__Working data__.

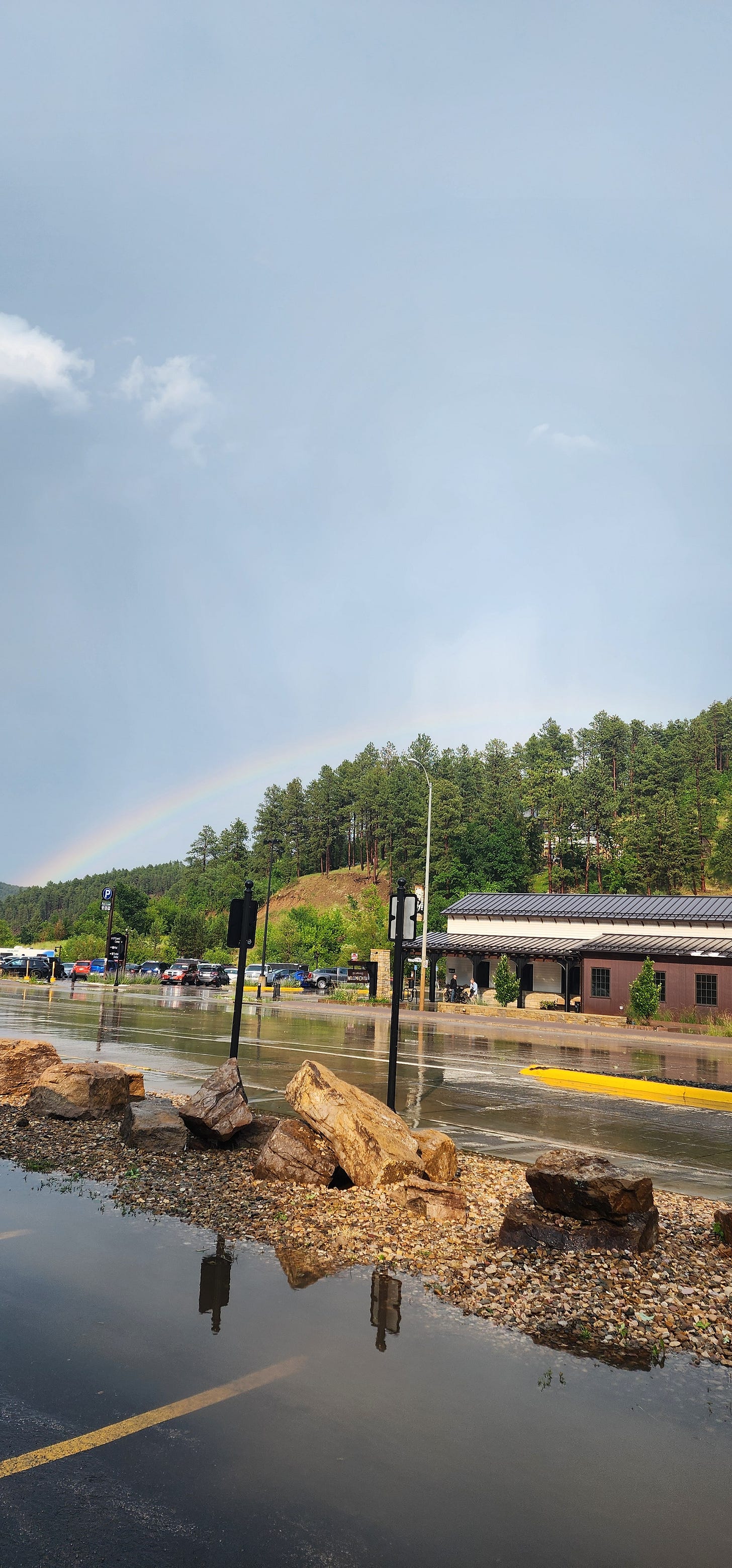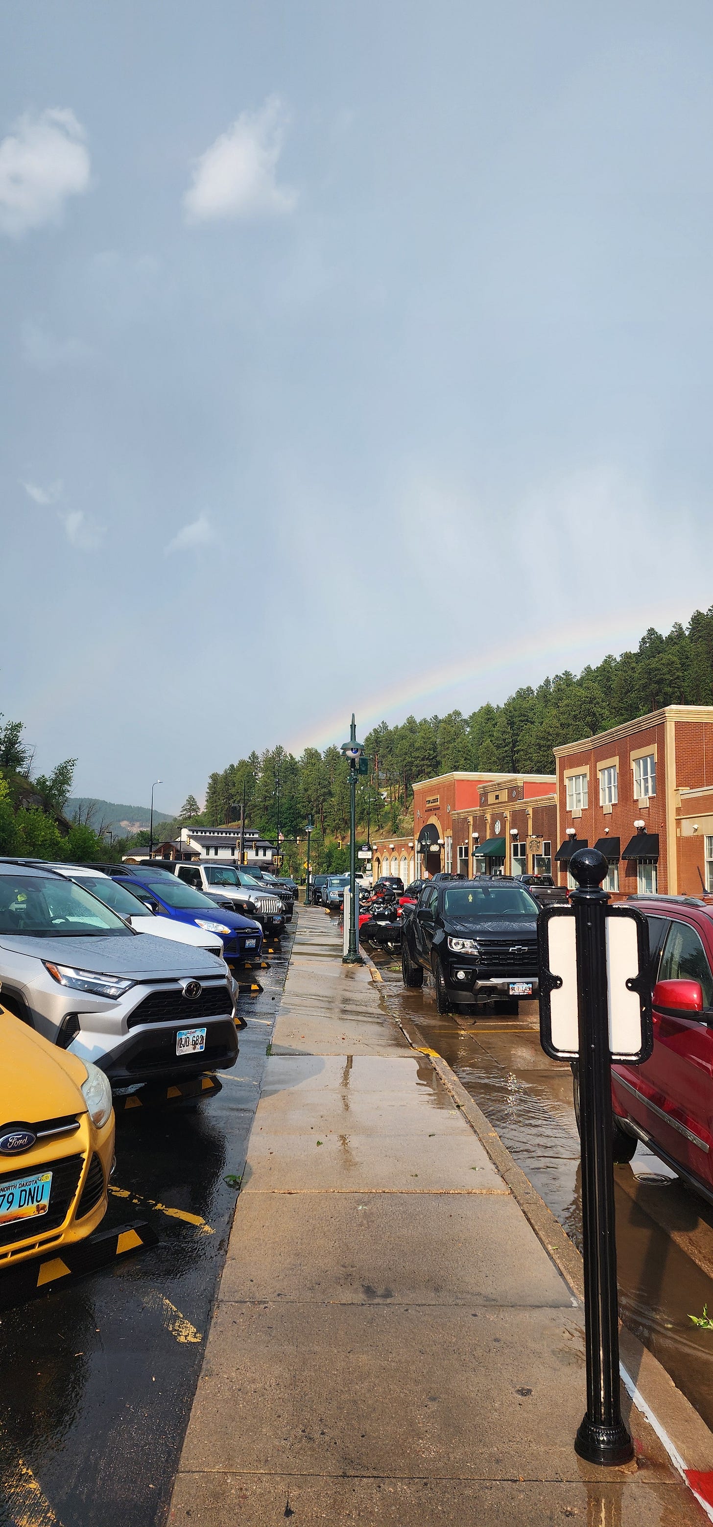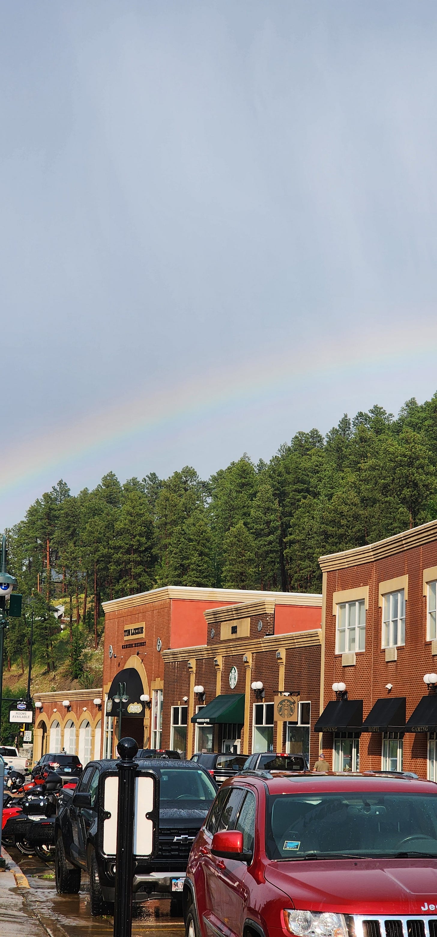 A summer storm came through on July 28th and dumped rain on Main Street for about forty minutes. That was my first week on the hill. When the storm stopped, a rainbow came up over the canyon wall and arched directly over the casino storefronts. The wet pavement reflected everything back. Rock boulders sat in puddles in the median. The kind of boulders you only see in a median because someone blasted them out of a hillside to build a parking lot. Ponderosa pines on the ridge were still dripping.
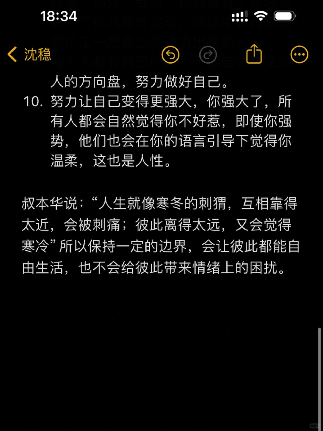 叔本华说:“人生就像寒冬的刺猬,互相靠得太近,会被刺痛;彼此离得太远,又会觉得寒冷”所以保持一定的边界,会让彼此都能自由生活,也不会给彼此带来情绪上的困扰。
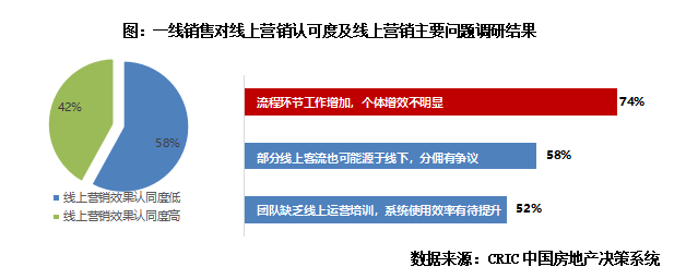 2020年疫情以來,線上營銷逐步成長為企業的常規手段之一,根據CRIC的調研,2021年頭部房企線上客流的占比從2020年的18%再度上升至了2021年的23%,繼續保持增長勢頭。但現階段我們也發現一線售樓團隊對于線上營銷認識仍然不足,平均認同度僅有42%,并且74%的一線銷售員反饋線上營銷導致流程環節工作增加,個體增效不明顯,58%認為部分線上客流也可能源于線下,分傭有爭議,52%的認為團隊缺乏線上運營培訓,系統使用效率有待提升。因此不論是技術層面還是從業人員教育層面,線上營銷的發展仍需要時間。
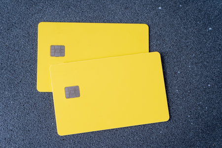 Yellow credit card with chip. Bank cards mockup
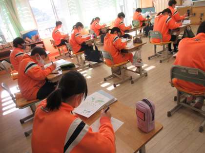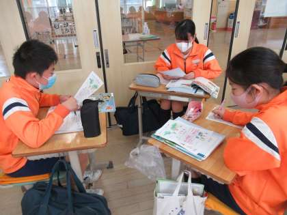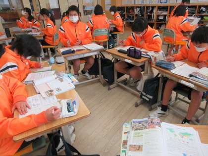 3種類の課題資料から、自分が興味を持ったものを選択し、課題ごとに集まって情報化交換をしています。
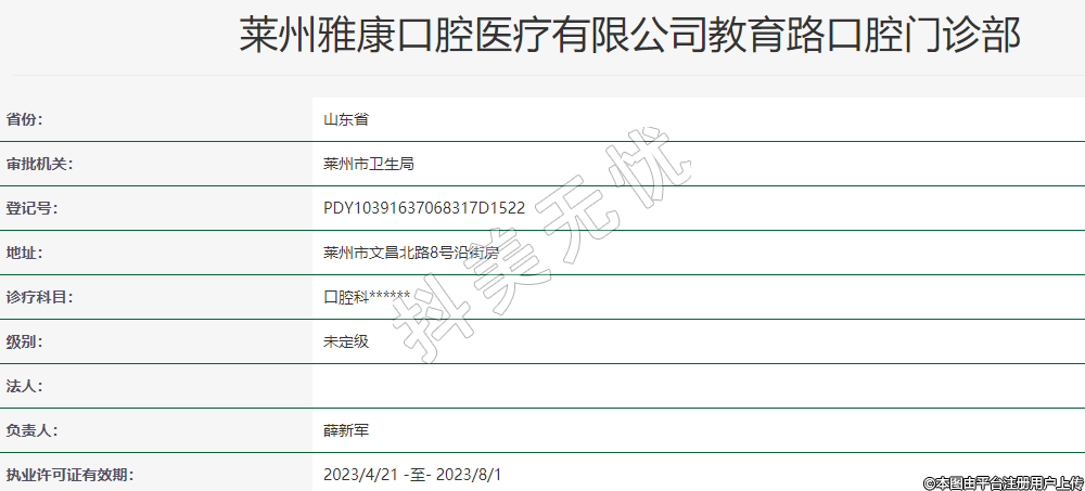 萊州雅康口腔醫(yī)療有限公司教育路口腔門(mén)診部
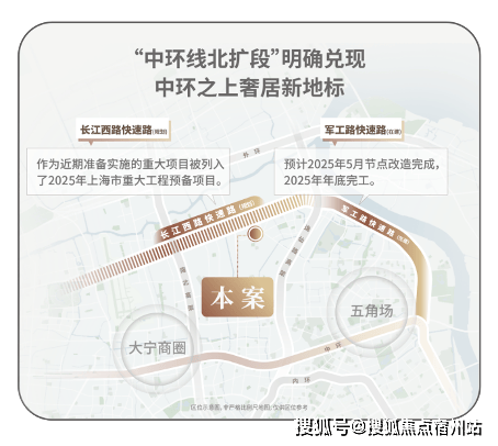 中环线北扩段明确兑现:上海招商序官方售楼处电话:400-1185-086√√√【已认证】军工路快速路25年开工,长江西路快速路规划26年开工,快速链通城心,随着中环北抬的政策落地,淞南将正式进入中环时间。未来经逸仙高架,进入南北高架、内环高架、中环高架,可快速链通南北上海。

__Task to carry out__.
Reproduce the listing exactly, but omit every picture in it.

__Task result__.
 A summer storm came through on July 28th and dumped rain on Main Street for about forty minutes. That was my first week on the hill. When the storm stopped, a rainbow came up over the canyon wall and arched directly over the casino storefronts. The wet pavement reflected everything back. Rock boulders sat in puddles in the median. The kind of boulders you only see in a median because someone blasted them out of a hillside to build a parking lot. Ponderosa pines on the ridge were still dripping.
 叔本华说:“人生就像寒冬的刺猬,互相靠得太近,会被刺痛;彼此离得太远,又会觉得寒冷”所以保持一定的边界,会让彼此都能自由生活,也不会给彼此带来情绪上的困扰。
 2020年疫情以來,線上營銷逐步成長為企業的常規手段之一,根據CRIC的調研,2021年頭部房企線上客流的占比從2020年的18%再度上升至了2021年的23%,繼續保持增長勢頭。但現階段我們也發現一線售樓團隊對于線上營銷認識仍然不足,平均認同度僅有42%,并且74%的一線銷售員反饋線上營銷導致流程環節工作增加,個體增效不明顯,58%認為部分線上客流也可能源于線下,分傭有爭議,52%的認為團隊缺乏線上運營培訓,系統使用效率有待提升。因此不論是技術層面還是從業人員教育層面,線上營銷的發展仍需要時間。
 Yellow credit card with chip. Bank cards mockup
 3種類の課題資料から、自分が興味を持ったものを選択し、課題ごとに集まって情報化交換をしています。
 萊州雅康口腔醫(yī)療有限公司教育路口腔門(mén)診部
 中环线北扩段明确兑现:上海招商序官方售楼处电话:400-1185-086√√√【已认证】军工路快速路25年开工,长江西路快速路规划26年开工,快速链通城心,随着中环北抬的政策落地,淞南将正式进入中环时间。未来经逸仙高架,进入南北高架、内环高架、中环高架,可快速链通南北上海。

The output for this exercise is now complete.